Солнце ярко слепит глаза. Оно уже особенно печет. А ведь всего лишь апрель. Мы идем по немного пыльной улице вдоль домов в частном секторе, по-нашему просто махалля, позади остается шумный и многолюдный базар, вот православная церковь, справа. Мы идем дальше. Вот первый проулок, за ним еще два. Это махалля особенная, особенная потому что, здесь живут мои бабушка и дедушка. Я иду по рельсам, соскальзывая. Здесь ходят товарные поезда. Очень редко, но если случается, то с треском и шумом. Мама постоянно тянет меня за руку. На ней голубая, шелковая кофточка, с выбитым рисунком у воротника. Она смешно закрывается от солнца одной рукой, в которой сумка-клатч, а другой – держит меня. На мне панама и коротенькая юбочка с белой оборкой. Вот, уже наш поворот.

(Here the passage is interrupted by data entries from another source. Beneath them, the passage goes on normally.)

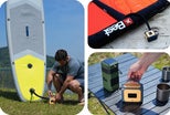 Zetta 138には、SUPやエアテントに対応したノズルを含む全6種類のアタッチメントが付属されています。さまざまなインフレータブル製品に対応できるので、これ1台でアウトドアギアを一括管理します。浮き輪、カイト、エアベッド、キャンプ用マットなどにも幅広く活用できます。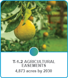 The County’s Climate Action Plan, adopted in 2018, includes a measure that sets a specific target for annual agricultural easements. Climate Action Plan Measure T-1.2 aims to acquire 443 acres of agricultural easements annually with estimated carbon savings from preventing 18 dwelling units. As of 2018, the County placed 793 acres in agricultural easements, at an average cost of $2,859 per acre, well beyond the 2020 Climate Action Plan target.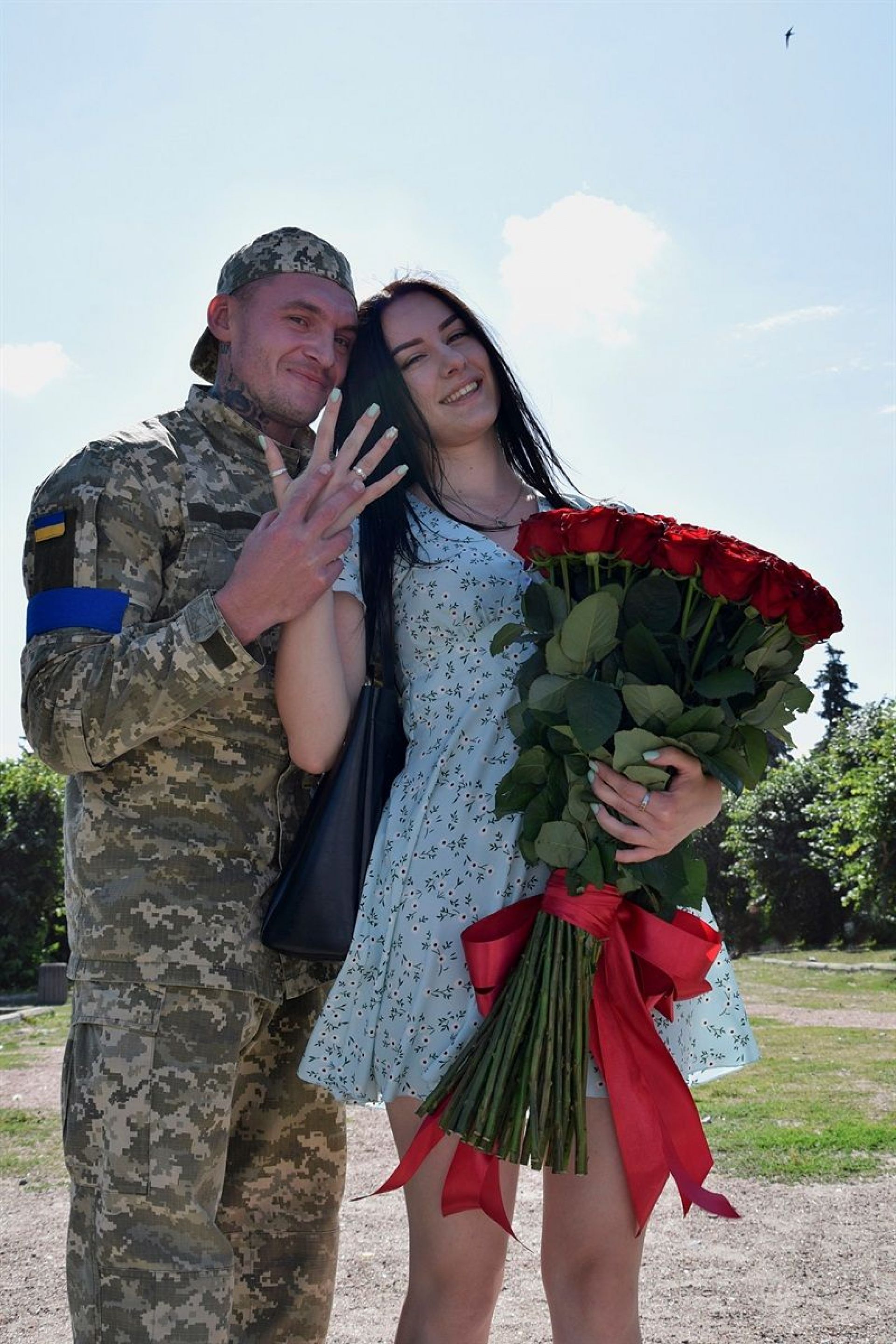 Ззаду підійшов її коханий Олексій, який нині перебуває на службі у ЗСУ. Чоловік встав на коліно, покликав її та освідчився. Дар'ї він подарував великий букет троянд. Дівчина відповіла «Так» та прийняла обручку.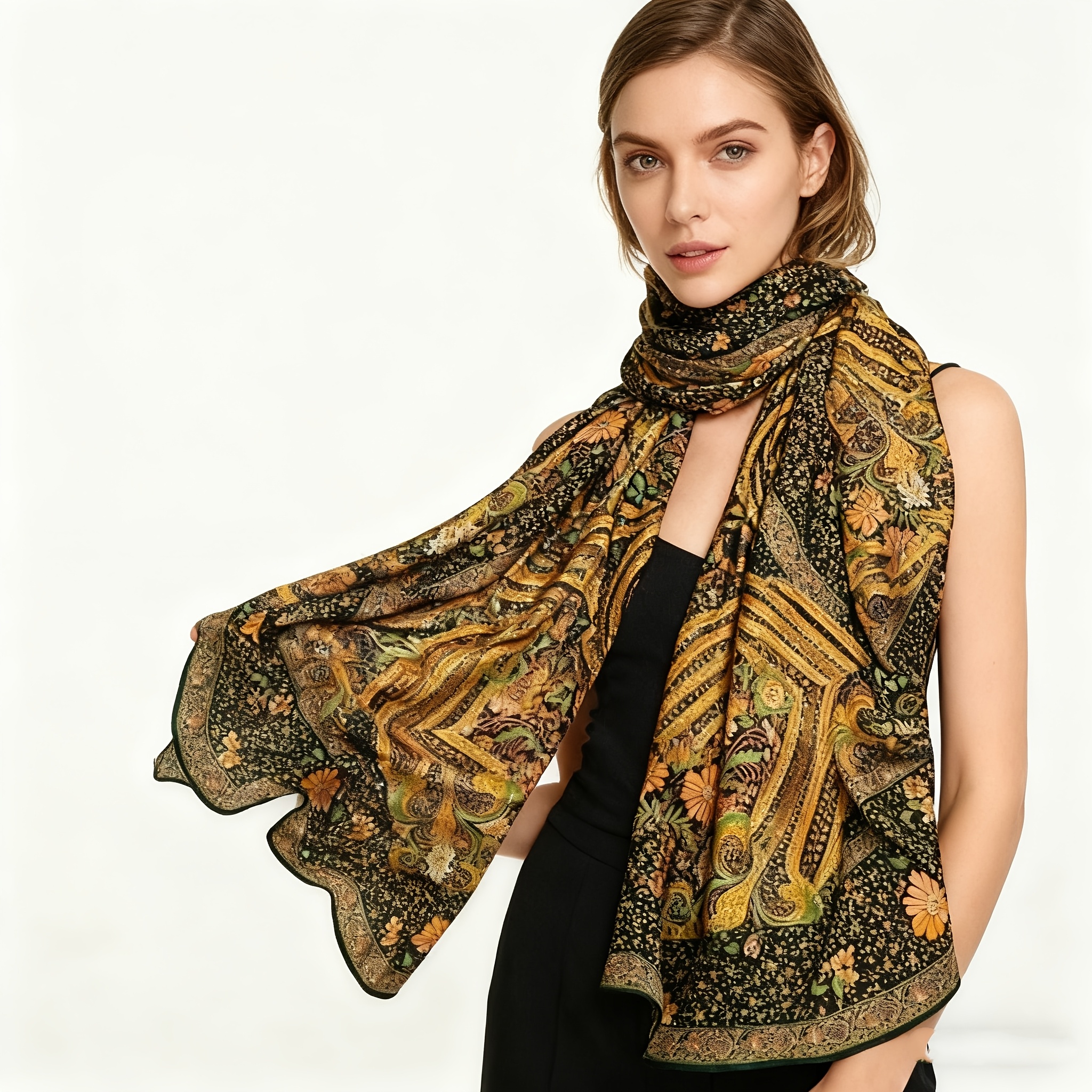 TEMU 골든 아워를 위한 디럭스 에디션 Festiveglow 스카프 - 베네치아 레이스 트림 특징 (선물용으로 적합)

читать дальшеМы оказываемся на зеленой улице, которая усажена деревьями тутовника. Листья как-то негласно шелестят в такт ветру. Их высокие, еще ярко-зеленые верхушки в контрасте на ярко голубом небе, колышась, поют какой-то очень восточный мотив. Здесь даже пахнет по-другому. Вроде еще там, за поворотом, были многоэтажные здания, ревели машины, кипела жизнь небольшого городка на юге Таджикистана, а тут все совсем по-другому. Тихо, размеренно, спокойно.
Вот он: второй дом слева. С синими воротами и большой, черной цифрой 3, чуть выше почтового ящика. Там всегда дедушка отставляет ключи от дома, когда они уходят. Все знают об этом «тайнике». Я бегу вперед. Здесь все свои. Не для меня. Для мамы. Она выросла здесь. Но меня тут тоже знают, ведь меня зовут также как и мою бабушку.
Через невысокие и тонкие стены соседнего дома, у д.Наджмиддина, слышны канарейки. А, вот совсем молодой тутовник, который посадил мой дедушка. На нем пока еще совсем мало ягод, не то, что на соседних. Я в предвкушении подумала, что совсем скоро, уже в грядущее воскресенье, придет д.Юра с Нигиной и Бахтиком, это мой двоюродный брат и сестренка, мы вдоволь налазаемся на соседних деревьях, наедимся их красных и белых ягод и даже, если повезет взберемся на молодой дедушкин тутовник. Он растет прямо у арыка. В воскресенье все собираются дома у дедушки. Это традиция. Даже дядя из Душанбе старается быть здесь. Это святое. Угу, familly re-union.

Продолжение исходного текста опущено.